About then, he admitted to me that he was in a vortex. He couldn't win, couldn't recover, because he couldn't focus as a driver -- had to spend too much time worrying with the business side. And if he couldn't win, the business side sank irrevocably.
Results were dismal. As a driver, Kyle was star-crossed. And with the death of Kyle's fabulously talented eldest son, Adam, in a crash in 2000, all hope of continuation of the Petty dynasty was destroyed.
Still, Richard went to the bank, admittedly scrounging for money to gamble on the struggle to catch up.
"That's the deal in owning your own business," he said Monday. "You gotta worry about what you're doing, and what all your people are doing, and you've got to be able to generate enough to take care of those people because they're the ones taking care of you.
"And now I'm going to let George [sports entrepreneur George Gillett] and his crowd worry about taking care of that part of it."
Times got so hard that last year Richard had to bring in an outside investor, Boston Ventures, so that Petty Enterprises, for the first time since 1949, was not wholly family owned.

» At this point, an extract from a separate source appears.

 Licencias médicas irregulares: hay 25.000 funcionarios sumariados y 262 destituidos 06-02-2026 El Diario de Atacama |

Then the economy came crashing down, piling on.
"It's really been hectic," he said of the past year. "I'd never done it at all [negotiate outside financing], and then we do something [Boston Ventures] and then the economy goes upside down, and now we've got to look at doing it all over again."
Is there sadness at the death of the storied name, Petty Enterprises?

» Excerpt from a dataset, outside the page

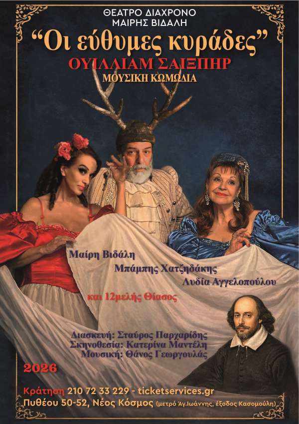 «Οι Εύθυμες Κυράδες» Μουσική κωμωδία ΟυίλλιαμΣαίξπηρ Διασκευή: Σταύρος Παρχαρίδης Σκηνοθεσία: Κατερίνα Μαντέλη Μουσική: Θάνος Γεωργουλάς Στο ΔΙΑΧΡΟΝΟ ΘΕΑΤΡΟ ΜΑΙΡΗΣ ΒΙΔΑΛΗ Από το Σάββατο 31 Ιανουαρίου 2026 Σαίξπηρ ερμηνεύει για 4η φορά η Μαίρη Βιδάλη και αυτή την φορά στο θέατρο της Στον κεντρικό ρόλο του Φάλσταφ ο Μπάμπης Χατζηδάκης Μαζί τους η πρωταγωνίστρια της οπερέτας... Continue Reading →

"Not really," he said. "How many businesses operate for 60 years independently? Most any big companies, after a while, they go into a corporation. You get very few individual families who own a business for 60 years.
"That ain't no record, but it's way up there with 'em."
And here you knew beyond a doubt that the genuine Richard Petty of yore was back, because in addition to not forcing the grin he didn't force his grammar. He was back to his own relaxed, butchered grammar of the glory days, before NASCAR went vanilla and politically correct.
He'll be largely a figurehead now -- and I mean that in a positive way. He can walk through the garages as a titan, a living legend, reminiscing, philosophizing on the way things are now. No longer will the finances burden the back of his mind, eat at him internally.
The smile can be genuine again.
"I think I'll be looser," he said, "in being able to talk to you all [in the media] and doing things all around, because I won't have that burden on my mind."
The labored grin is gone, Petty Enterprises is gone, and maybe we can even drop that overworked moniker, "the King."
Current-generation America, all you've ever known was the King. Now we can introduce you to the genuine Richard Petty -- a towering and charismatic figure indeed.